There’s an old bell chiming at venerable Oxford University, England. It has been doing so since 1840, relying on a pair of pile batteries and Coulomb’s repulsive electrostatic force. IFL Science Technology thinks the bell might finally run down in five-to-ten years’ time. However, this will not disprove the principles of Coulomb’s Law.
The Origin And Proofs For Coulomb’s Law
The ancient cultures surrounding the Mediterranean knew how to rub rods of amber with cat’s fur to attract feathers. In 1600, English scientist William Gilbert identified the difference between this static electricity, and naturally magnetized pieces of magnetite mineral.
By the 18th century, scientists were aware that this ‘electrical force’ reduced with distance in a manner akin to gravity. Joseph Priestly, another English scientist, wrapped this up by declaring the forces between charges varied as the inverse square of the distance.
Other variations and improvements on this theory followed, until French physicist Charles-Augustin de Coulomb published three discoveries about electricity and magnetism. These culminated in a theory that explained the magnitude of the electric force between two point charges.
The Oxford Electric Bell, or Clarendon Dry Pile
The Oxford Electric Bell, or Clarendon Dry Pile, is a historic experiment to prove Coulomb’s Law in action.
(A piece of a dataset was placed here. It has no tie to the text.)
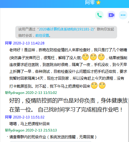 在课后,刘超老师牺牲自己休息的时间,在线帮助同学们实时解答学习过程中遇到的问题,并时刻关注未能按时上课和提交作业的同学,兼具教学要求和人文关怀,让员工在抗击疫情的特殊时期,感受到温暖和关爱;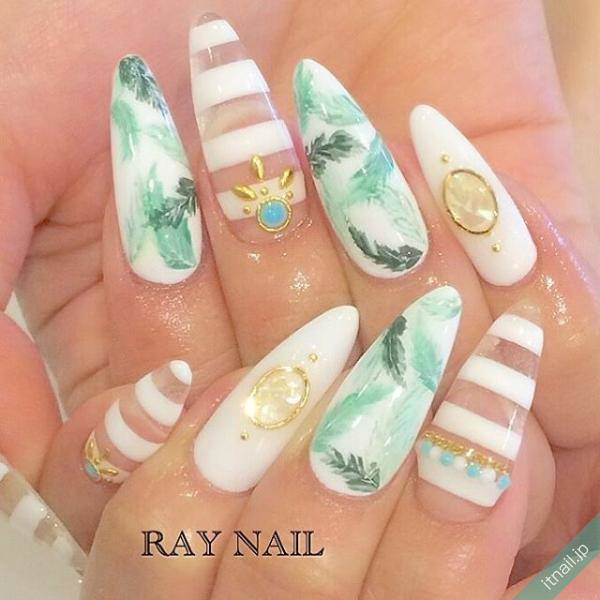 例えば、ホワイトのワンカラーとクリア×ホワイトのボーダー柄の組み合わせは、非常に涼しげです。数本だけグリーンの葉っぱアートを大胆に描きましょう。見ているだけで爽やかな気分になれそうですね。

The apparatus comprises a pair of brass bells each situated beneath a dry pile battery. Those dry pile batteries, which resemble Alessandro Volta’s original invention, are joined in series, so the bells beneath them have opposite electric charges,
The striker that alternately sounds the two bells is a metal sphere freely hanging between them. The first bell it touches charges the striker with energy from its pile above. The striker is repelled because the two charges match, while the other bell attracts the ball having an opposing charge.
The pile batteries discharge slowly in this process using very little energy. Nobody has examined them because the glass dome is part of the experiment. A layer of molten sulfur conceals the composition of the batteries. Although they could be Zamboni Piles each comprising 2,000 pairs of metal foil discs.